Fifty Shades of Grey and its sequels were by far the bestselling books of the 2010s, kickstarting an erotica and kink boom. But did it lead to lasting change?

I was working as a bookseller when Fifty Shades of Grey was published and spent weeks stacking shelves with the glossy tomes, only for them to be whisked away as soon as they arrived.
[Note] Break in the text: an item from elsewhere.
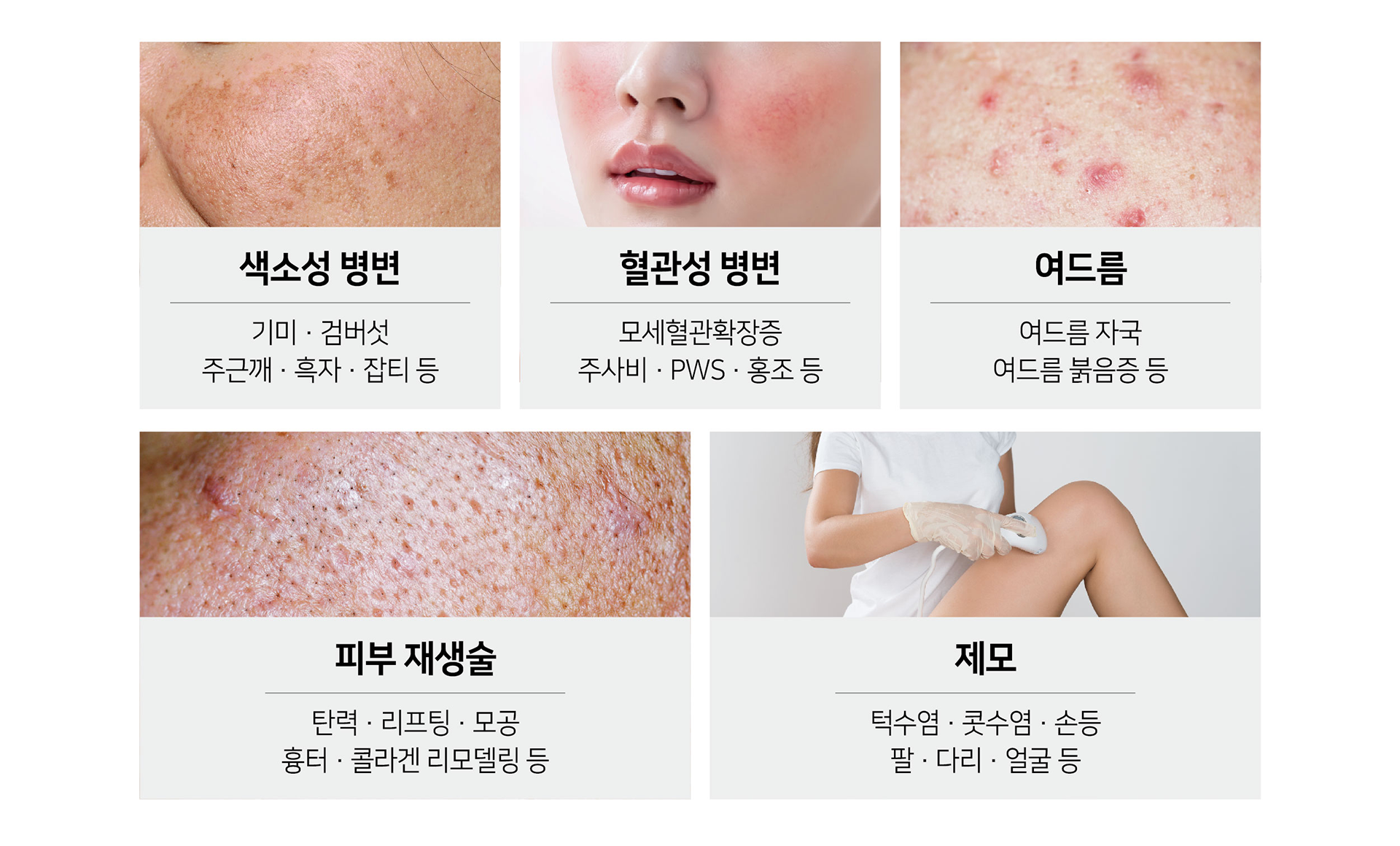 혈관, 색소 뿐 아니라 콜라겐에도 효과적으로 작용하므로 복합적인 병변을 동시 치료 가능합니다.

I soon amassed a range of excuses from customers who so often seemed to be embarrassed to be buying what everyone else was buying. “I’m getting it for my wife,” men announced, unprompted, while women – often younger than the label “mummy porn” suggested – would recount whole conversations with unnamed friends who had deemed the erotic thriller “quite good”.

The trilogy by EL James, the writing moniker of the British author Erika Leonard, was published between 2011 and 2012. Late last year it was announced that they had been the runaway bestselling books of the decade. In the UK alone, Fifty Shades of Grey sold 4.7m print copies, Fifty Shades Darker sold 3.3m and Fifty Shades Freed sold 3.1m. (The fourth biggest-selling book, Jamie’s 30-Minute Meals, sold 1.8m.) At its peak, two copies of the first book sold every second; for a time, the UK ran out of silver ink, thanks to its use on the books’ covers. Worldwide, by 2015, more than 150m copies had sold, with millions more ebooks on top. But alongside the huge number of copies sold, was there a lasting cultural influence?